TASK DIRECTIONS => What are the lines below, starting at the line containing "Rank Đơn: Vàng" and ending at the line containing "Wisdom Hadees Player"? Write them out exactly, ends included, without pictures.

(Beginning of GIVEN RECORDS)

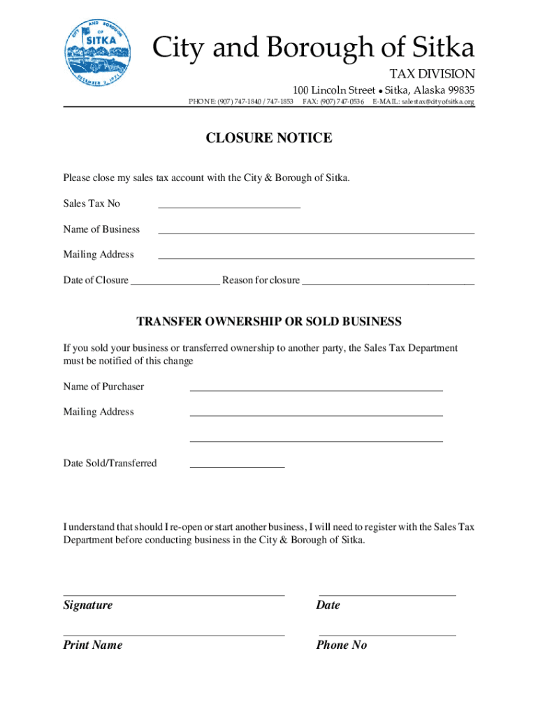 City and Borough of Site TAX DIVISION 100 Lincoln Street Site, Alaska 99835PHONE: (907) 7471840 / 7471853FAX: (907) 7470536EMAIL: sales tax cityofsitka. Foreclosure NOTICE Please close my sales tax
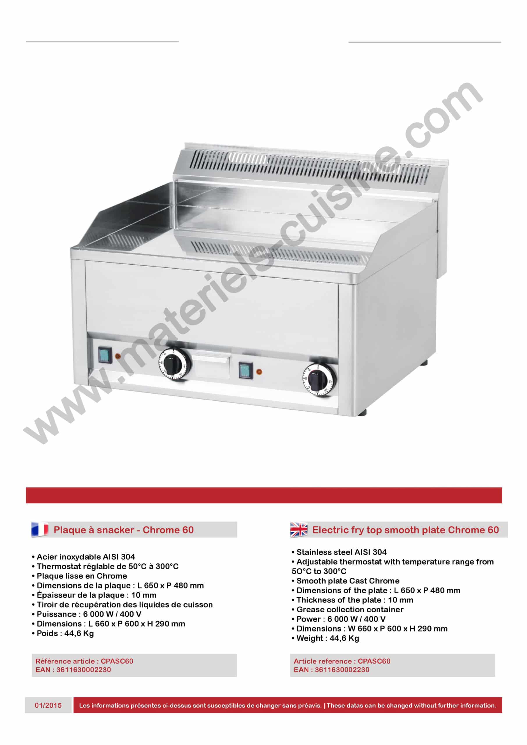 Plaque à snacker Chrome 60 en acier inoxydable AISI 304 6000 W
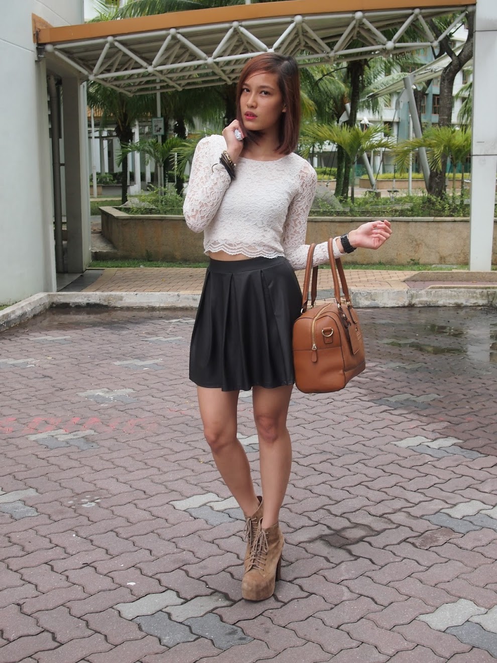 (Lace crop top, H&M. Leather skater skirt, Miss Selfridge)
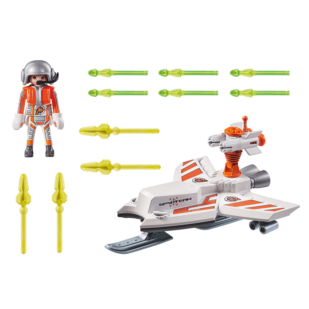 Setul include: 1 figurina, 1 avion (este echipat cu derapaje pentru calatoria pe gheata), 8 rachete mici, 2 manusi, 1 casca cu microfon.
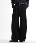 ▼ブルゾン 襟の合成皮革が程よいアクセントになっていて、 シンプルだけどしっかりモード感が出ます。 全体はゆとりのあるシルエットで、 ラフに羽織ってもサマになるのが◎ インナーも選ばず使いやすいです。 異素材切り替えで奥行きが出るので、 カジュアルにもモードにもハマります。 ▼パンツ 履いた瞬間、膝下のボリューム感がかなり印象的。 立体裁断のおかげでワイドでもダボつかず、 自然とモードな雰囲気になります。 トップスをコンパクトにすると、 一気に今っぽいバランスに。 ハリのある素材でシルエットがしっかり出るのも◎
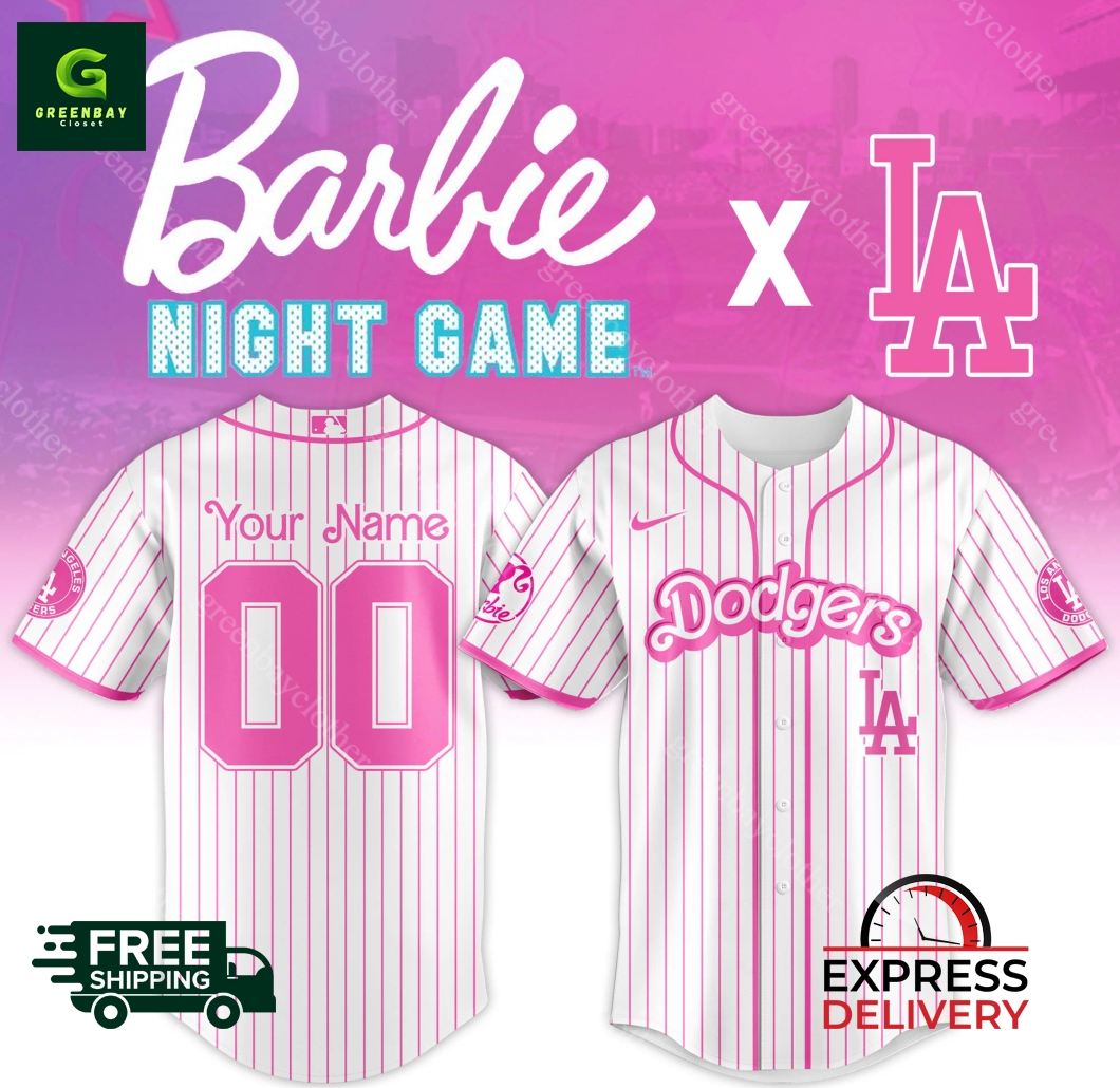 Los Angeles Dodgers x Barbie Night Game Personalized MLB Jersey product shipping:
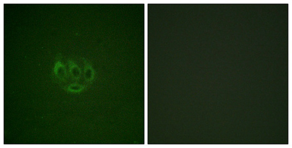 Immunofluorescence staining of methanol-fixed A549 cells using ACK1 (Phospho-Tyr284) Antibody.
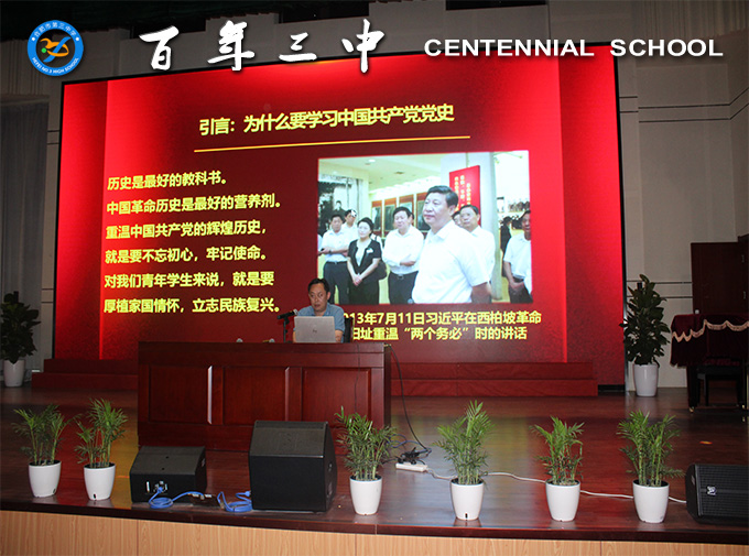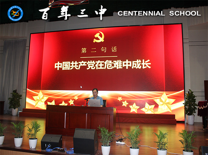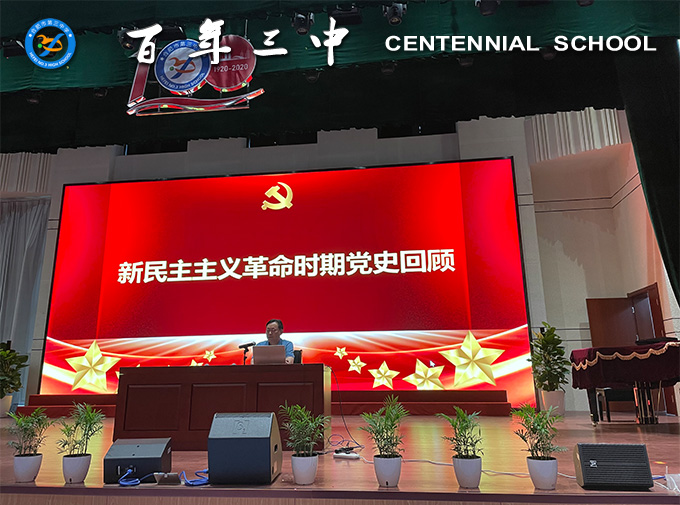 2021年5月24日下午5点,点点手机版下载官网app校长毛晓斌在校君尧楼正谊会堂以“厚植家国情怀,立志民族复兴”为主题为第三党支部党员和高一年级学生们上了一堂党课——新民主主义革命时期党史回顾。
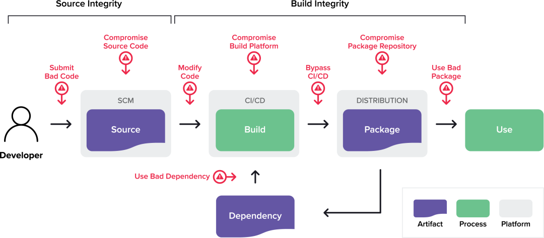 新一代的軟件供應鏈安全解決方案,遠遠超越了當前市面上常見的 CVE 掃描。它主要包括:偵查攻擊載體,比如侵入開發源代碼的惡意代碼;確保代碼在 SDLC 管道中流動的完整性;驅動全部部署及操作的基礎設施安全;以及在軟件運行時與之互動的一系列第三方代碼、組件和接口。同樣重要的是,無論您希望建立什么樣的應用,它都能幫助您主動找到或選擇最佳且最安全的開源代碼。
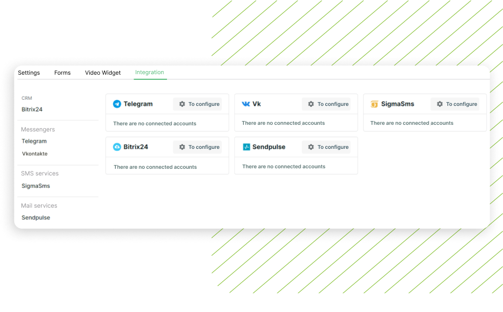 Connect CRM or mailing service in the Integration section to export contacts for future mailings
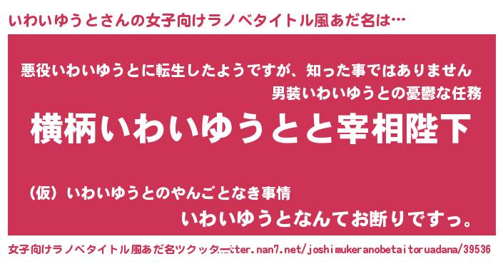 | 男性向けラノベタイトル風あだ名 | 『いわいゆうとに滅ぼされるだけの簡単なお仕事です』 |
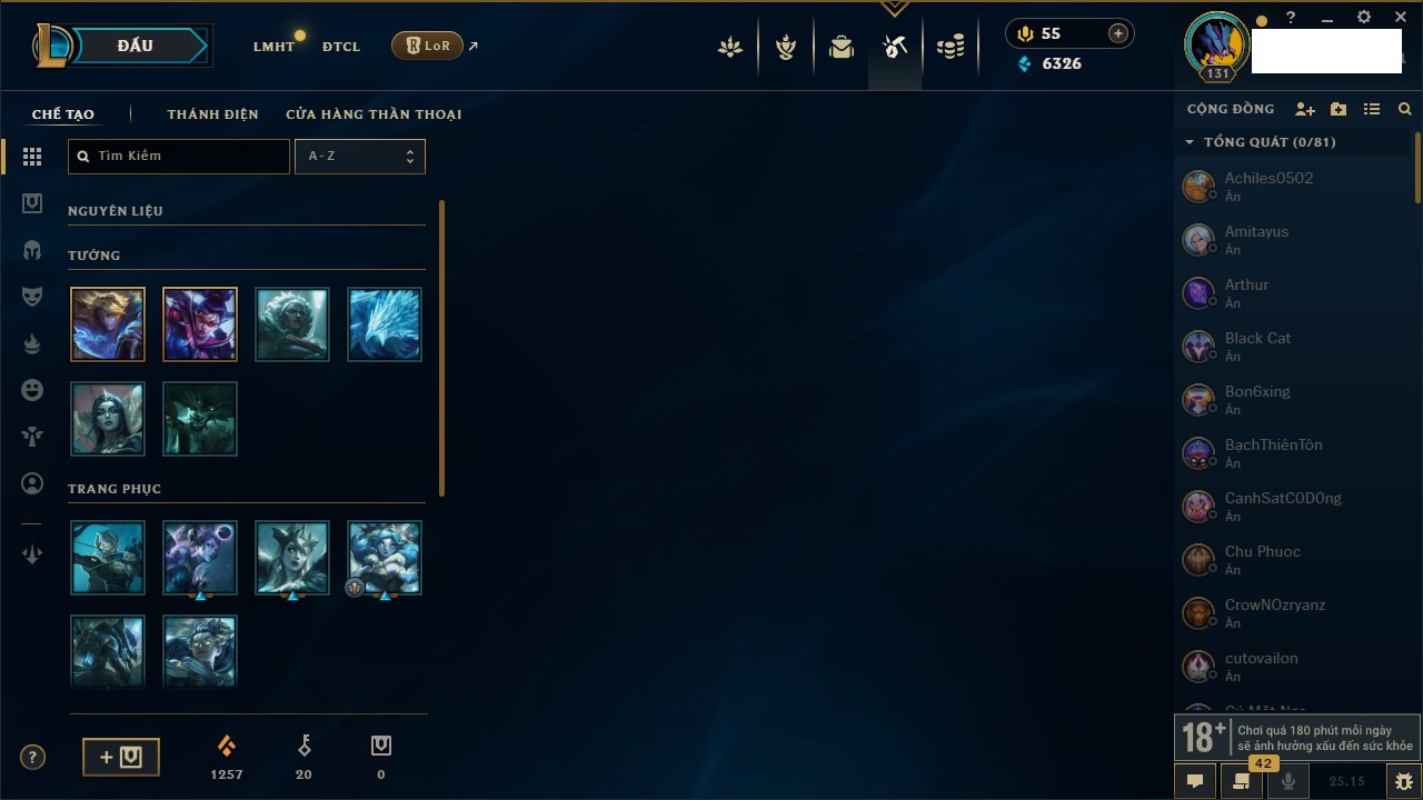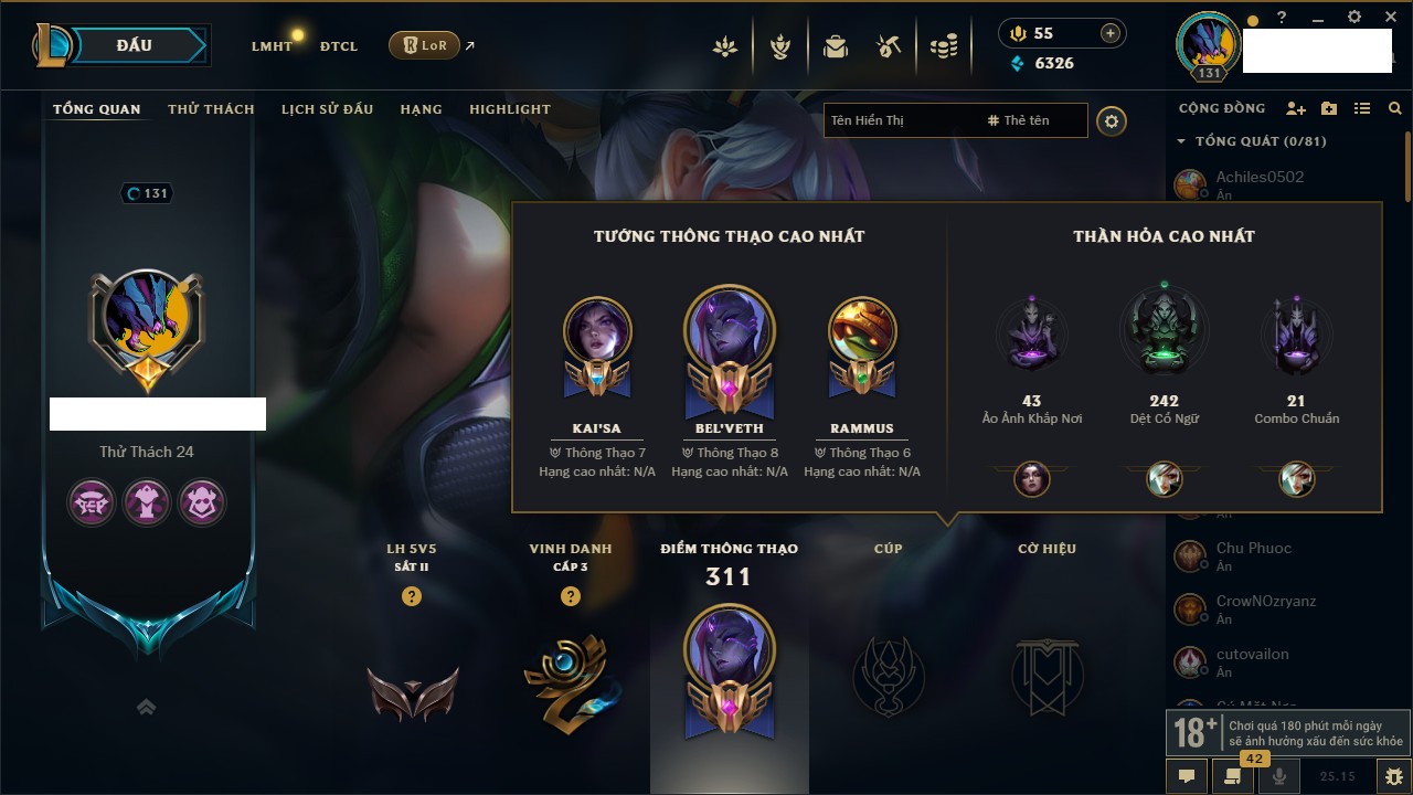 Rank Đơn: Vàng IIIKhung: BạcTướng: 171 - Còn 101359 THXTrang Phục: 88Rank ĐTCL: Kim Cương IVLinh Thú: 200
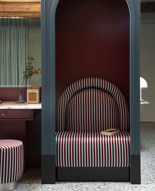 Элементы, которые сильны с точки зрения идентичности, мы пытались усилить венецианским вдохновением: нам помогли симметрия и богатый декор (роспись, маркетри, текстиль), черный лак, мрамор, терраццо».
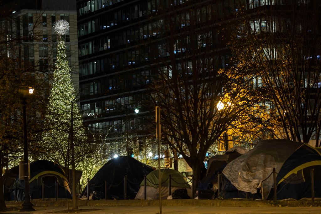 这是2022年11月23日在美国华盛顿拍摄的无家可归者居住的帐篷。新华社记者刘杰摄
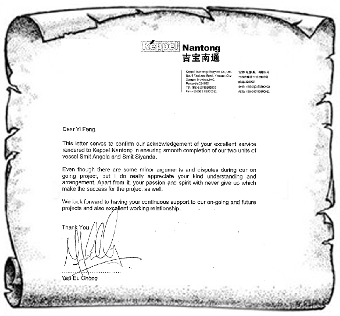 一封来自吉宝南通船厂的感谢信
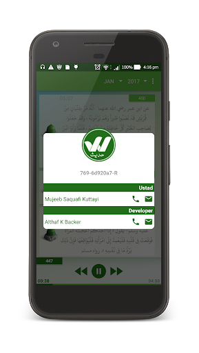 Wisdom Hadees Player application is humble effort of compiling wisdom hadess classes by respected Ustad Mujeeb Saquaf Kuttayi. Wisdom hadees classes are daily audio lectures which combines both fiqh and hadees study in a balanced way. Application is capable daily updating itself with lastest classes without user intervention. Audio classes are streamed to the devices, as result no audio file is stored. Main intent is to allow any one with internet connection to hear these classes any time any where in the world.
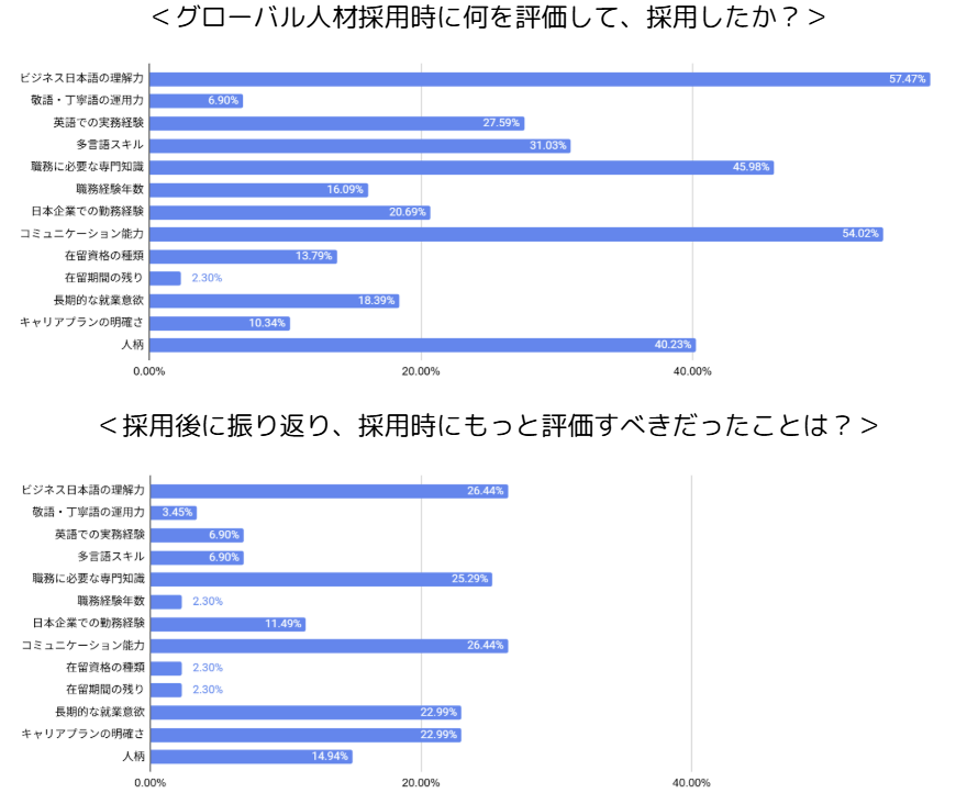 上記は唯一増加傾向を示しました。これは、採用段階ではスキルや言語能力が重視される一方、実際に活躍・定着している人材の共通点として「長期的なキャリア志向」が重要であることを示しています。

(End of GIVEN RECORDS)

YOUR RESPONSE =>
 Rank Đơn: Vàng IIIKhung: BạcTướng: 171 - Còn 101359 THXTrang Phục: 88Rank ĐTCL: Kim Cương IVLinh Thú: 200
 Элементы, которые сильны с точки зрения идентичности, мы пытались усилить венецианским вдохновением: нам помогли симметрия и богатый декор (роспись, маркетри, текстиль), черный лак, мрамор, терраццо».
 这是2022年11月23日在美国华盛顿拍摄的无家可归者居住的帐篷。新华社记者刘杰摄
 一封来自吉宝南通船厂的感谢信
 Wisdom Hadees Player application is humble effort of compiling wisdom hadess classes by respected Ustad Mujeeb Saquaf Kuttayi. Wisdom hadees classes are daily audio lectures which combines both fiqh and hadees study in a balanced way. Application is capable daily updating itself with lastest classes without user intervention. Audio classes are streamed to the devices, as result no audio file is stored. Main intent is to allow any one with internet connection to hear these classes any time any where in the world.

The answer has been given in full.